-----
My brother still laughs about Mom's daily ritual, which was to struggle to the kitchen, pour a cup of coffee and sink blissfully into a chair muttering "Ah, coffee. My life's blood." I now completely understand it.
-----
I had an eye opening revelation years ago when I read an article that said the cheaper coffee beans are overcooked (actually burned) to give them that supposedly "rich" (i.e. bitter) flavor that Starbucks is notorious for. The better coffees are actually supposed to be mellow and trip lightly over the palate. Starbucks uses cheap stuff and then advertises the heck outta it.
-----
The other day I picked up a bunch of gourmet coffee. Deciding to be adventurous, I grabbed a bag of Mayan Mocha Spice. What could go wrong? ...until I made a pot of it this morning. Their "spice" is red hot chile pepper, and lots of it... as if heartburn from coffee alone isn't enough! Leave it to the Mayans, well-renown for their torture methods. This "delightful" combo makes as much sense as tomato ice cream.
-----
Speaking of which, I once bought "Gloria Jean's Butter Toffee Coffee." I tasted no toffee. However, there's this unholy sensation of drinking movie theater butter... :-P I think these coffee companies are getting a mite too creative these days.
-----
How is the amount of water that I put IN to my coffeemaker so much less than the amount of coffee that comes OUT? Does it all go into the same black hole that my socks go to?!

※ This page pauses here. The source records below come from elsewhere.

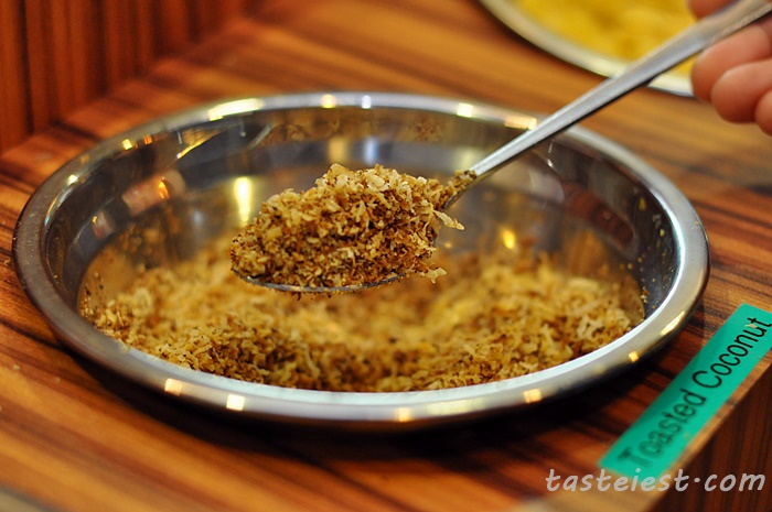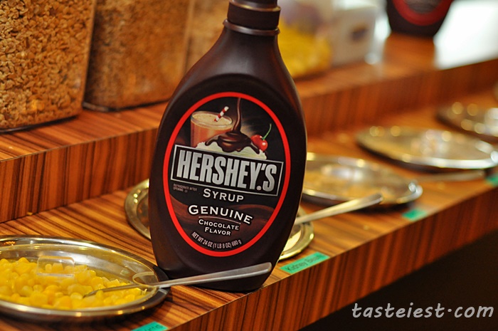 Assorted topping available such as Kidney Bean, Corn, Cornflake, Toasted Coconut, Hersey Chocolate, Peanuts and Nestum Cereal. Self service on topping which mean you can add as much as you want(Signature and Sundae Cup 3 topping, Cup 1 topping).
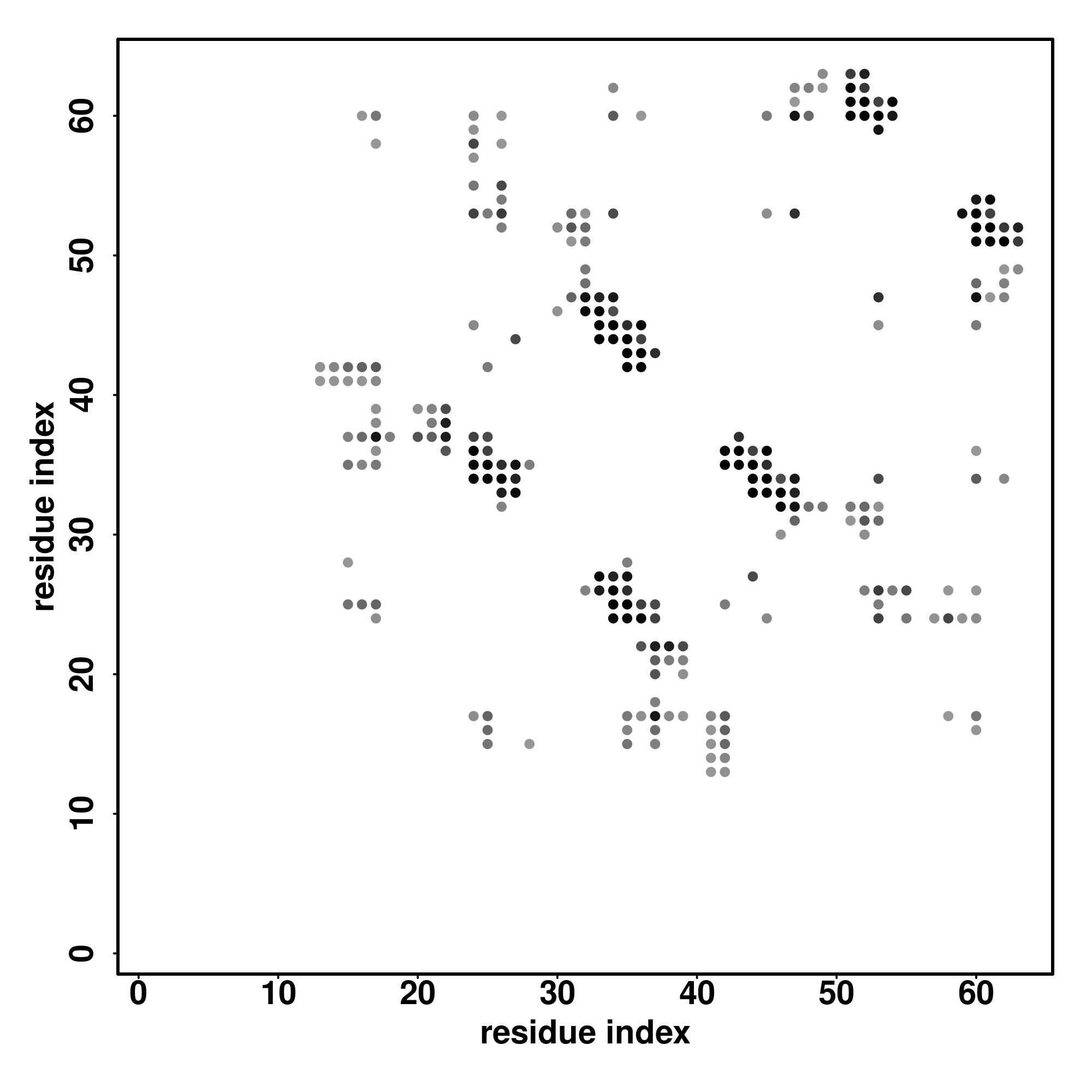 For the contact map, each dot represents a residue pair with predicted contact,
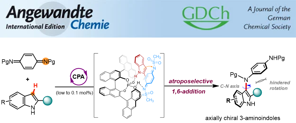 手性吲哚衍生物在天然产物合成、药物研发和材料科学等领域具有重要的用途。这类分子的现有合成研究主要集中在不对称催化傅-克烷基化和芳基化反应,用于制备相应的中心手性和C-C轴手性吲哚衍生物。相比之下,受限于较低的构型稳定性,含C-N手性轴氨基吲哚分子的制备仍是研究难题。对此,钟芳锐教授团队在前期关于醌类化合物不对称催化反应的研究基础上,发现对苯醌二亚胺在手性质子酸催化下能与吲哚发生1,6-共轭加成反应。该反应模式与醌类化合物的经典1,4-加成显著不同,醌二亚胺充当了一种高亲电性的胺化试剂,而非已知的芳基化试剂。基于这一发现,钟芳锐团队通过选择合适的手性磷酸催化剂,首次发展了阻转选择性的醌二亚胺1,6-加成反应,合成了一系列轴手性3-氨基吲哚类分子,催化剂用量低至千分之一,产物的光学纯度高达98%。
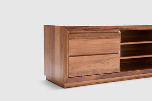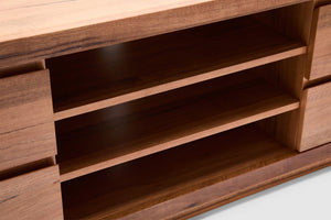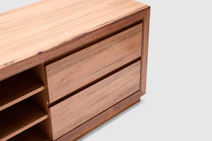 Enhance your living space with the effortless style of the Kalgoolie Entertainment Unit 196cm. The perfect piece for all your media needs, it features three shelves, four drawers and a rear outlet for convenient cable management. Crafted from Australian Marri timber, it’s the go-to spot for your next streaming session. Full range features matching dining table, credenzas, coffee and side tables.
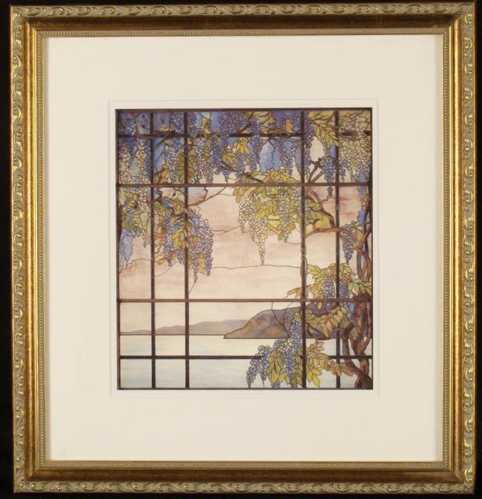 This is a photograph of a beautiful Art Nouveau style stained glass window of a Mediterranean coast with luscious grapes.Medium: PhotographImage size: 9 x 10 inches Framing: Matted in white, in decorative gold painted wood frameFrame size: 16 1/2 x 17 1/2 inches Condition: Excellent; picture wire on back needs to be readjusted If you can't have the actual stained glass, you can still enjoy it in this nicely framed photo.
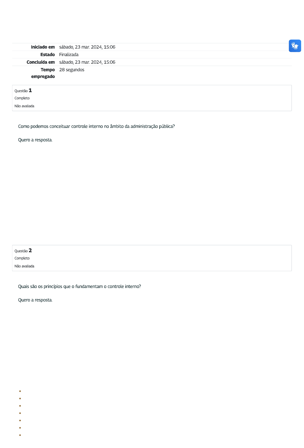 Controle interno pode ser definido como o conjunto de atividades e procedimentos para assegurar que os objetivos da administração pública sejam alcançados com legalidade e bom desempenho. Principais princípios do controle interno: relação custo-benefício; qualificação adequada, treinamento e rodízio de funcionários; delegação de poderes e definição de responsabilidades; segregação de funções; instruções devidamente formalizadas; controle sobre as transações; aderência a diretrizes e normas legais. Exercício de fixação - Módulo 4: Revisão da tentativa https://mooc41.escolavirtual.gov.br/mod/quiz/review.php?attempt=2... 1 of 3 23/03/2024, 15:06 A gestão de riscos consiste na adoção de medidas que diminuam a possibilidade de determinada área da Administração Pública ficar refém de agentes internos ou externo que possa interferir no seu correto funcionamento. Exercício de fixação - Módulo 4: Revisão da tentativa https://mooc41.escolavirtual.gov.br/mod/quiz/review.php?attempt=2... 2 of 3 23/03/2024, 15:06 As unidades de controle interno, para atingir as finalidades básicas, devem desempenhar, no mínimo, o seguinte conjunto de atividades: avaliar o cumprimento de metas previstas para a entidade; avaliar a execução das ações de governo, visando a comprovar o nível de execução das metas, o alcance dos objetivos e a adequação do gerenciamento; a execução do orçamento, comprovando a conformidade da execução com os limites e as destinações estabelecidas na legislação pertinente; a gestão dos administradores públicos, verificando a legalidade e a legitimidade dos atos e examinando os resultados quanto à economicidade, eficiência e eficácia da gestão orçamentária, financeira, patrimonial, de pessoal e demais sistemas administrativos e operacionais; exercer o controle das operações de crédito, avais, garantias, direitos e haveres do respectivo ente federado, para aferir a sua consistência e a adequação; as renúncias de receitas, verificando o resultado da efetiva política de anistia, remissão, subsídio, crédito presumido, concessão de isenção em caráter não geral, alteração de alíquota ou modificação de base de cálculo que implique redução discriminada de tributos ou contribuições, e outros benefícios que correspondam a tratamento diferenciado. Exercício de fixação - Módulo 4: Revisão da tentativa https://mooc41.escolavirtual.gov.br/mod/quiz/review.php?attempt=2... 3 of 3 23/03/2024, 15:06
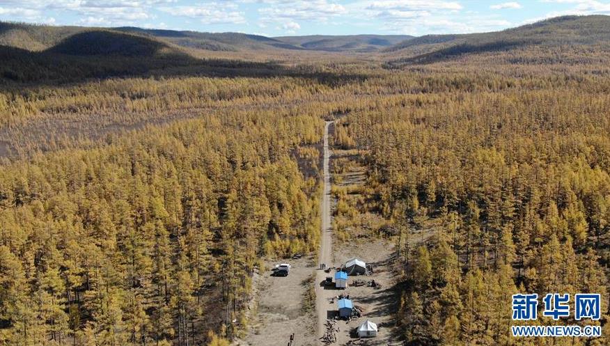 9月18日,在內(nèi)蒙古大興安嶺根河林業(yè)局約安里林場,林場職工在河套取生活用水(無人機(jī)拍攝)。新華社記者李任滋攝
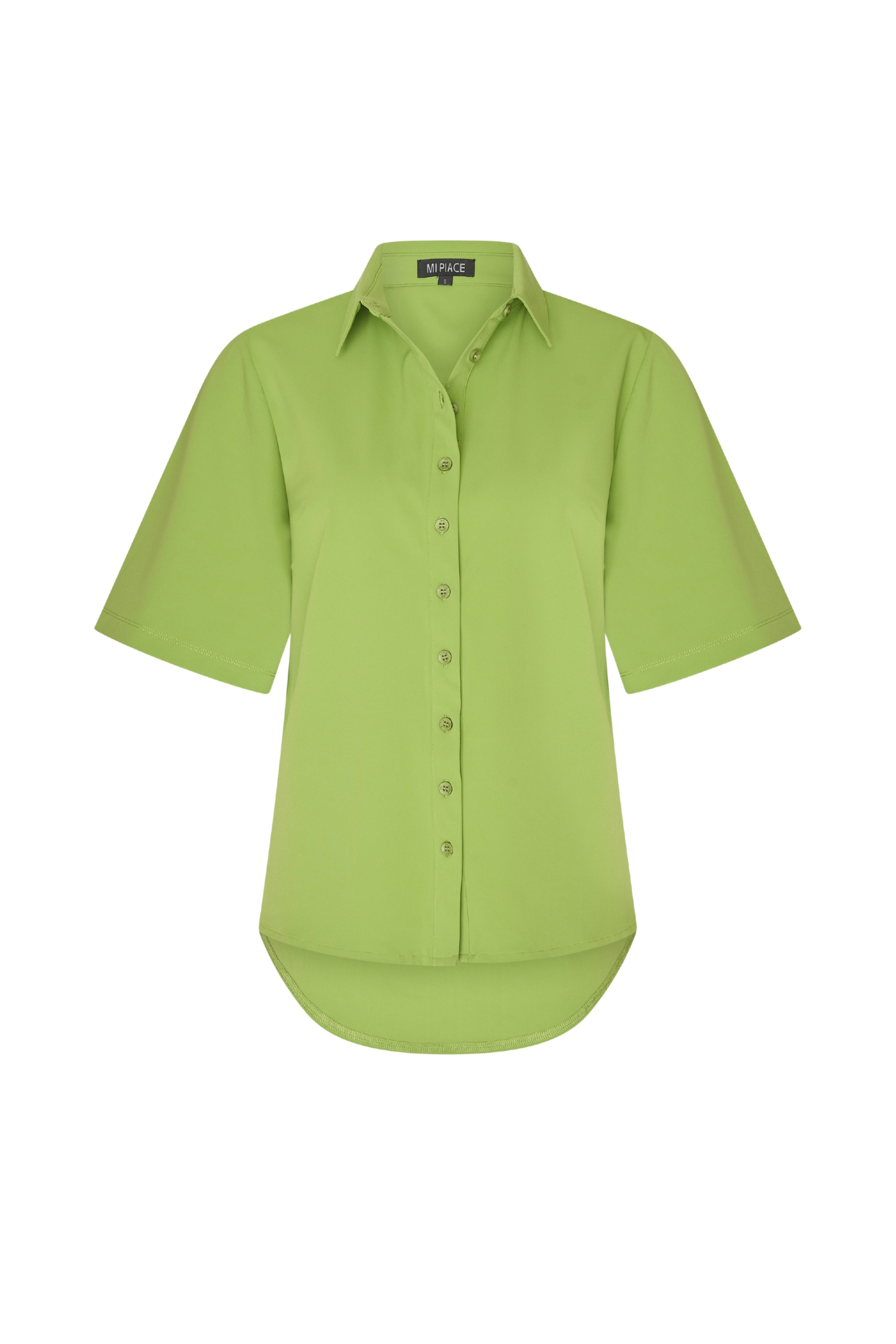 De Travel Blouse Wijde Mouw Kelp Forest van Mi Piace is een luchtige blouse met korte, wijde mouwen en doorknoopsluiting. De frisse groene kleur en soepelvallende stof geven een moderne touch aan elke outfit. Ideaal voor stijlvolle comfort.
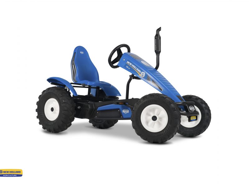 This BERG New Holland go-kart will turn you into the best helper a farmer can wish for! The impressive deep-tread tyres and the swing axle will give you additional grip in the mud and keep you firmly on the ground on uneven terrain! The unique BFR system means you have a back-pedal brake, whilst you can still easily pedal forwards and backwards. For added playing fun, you can fit out this go-kart with lots of great accessories such as a lift bucket, pallet fork or roll bar with flashing light.
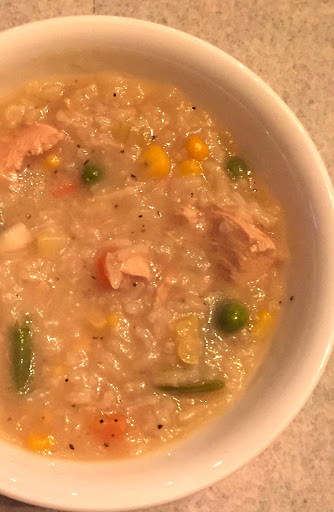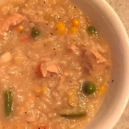 Add chicken and vegetables to large pot of broth. Stir in rice, salt and pepper and simmer 15 minutes. (Until rice is tender.) Mix milk and cornstarch together then add to soup. Stir until thickened. Serves 16-20.
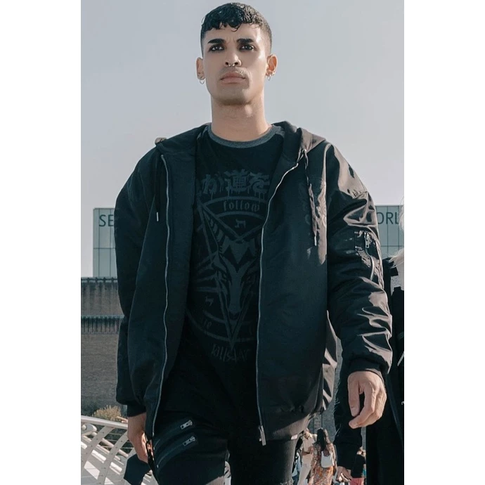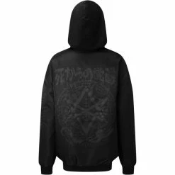 Unisex (men’s/women’s) jacket by KILLSTAR. BOMBER jacket cut. Thanks to the insulation, the jacket can be worn even in a cold weather. Features: the jacket has a fastening with a high-quality metal zipper two side pockets one pocket with a zipper on the left sleeve the ends of the sleeves and the bottom hem is finished with an elastic collar inner lining with an insulation cloth hood High quality print. Composition: upper material – 100% nylon, lining – 100% polyester, hood – 100% cotton. Color: black. Please note that the dimensions stated in the table below are only approximate and that the actual sizes between different products and styles may vary. Approx. dimensions in centimeters (CIRC. is 2x width)
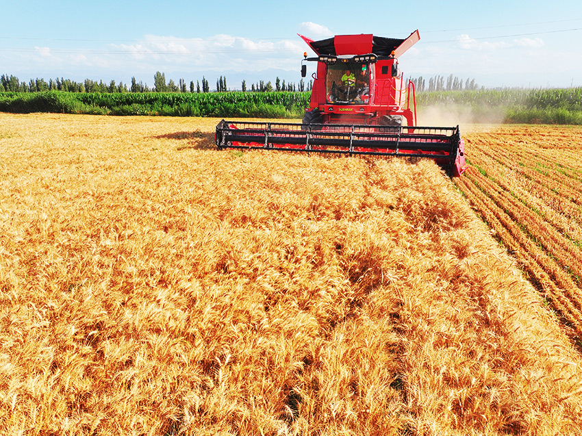 钵施然自主研发的7850谷物收割机,高效多能、喂入量大。

Somewhere out there, there are extraterrestrials who are going about their day, minding their own business, when they're suddenly slapped upside the head by a mismatched pair of soggy socks.
-----
Somewhere out there, there are extraterrestrials who are going about their day, minding their own business, when they're suddenly slapped upside the head by a mismatched pair of soggy socks.
-----
...and on the morning of the 8th day, God invented coffee and said "This is even better than Adam."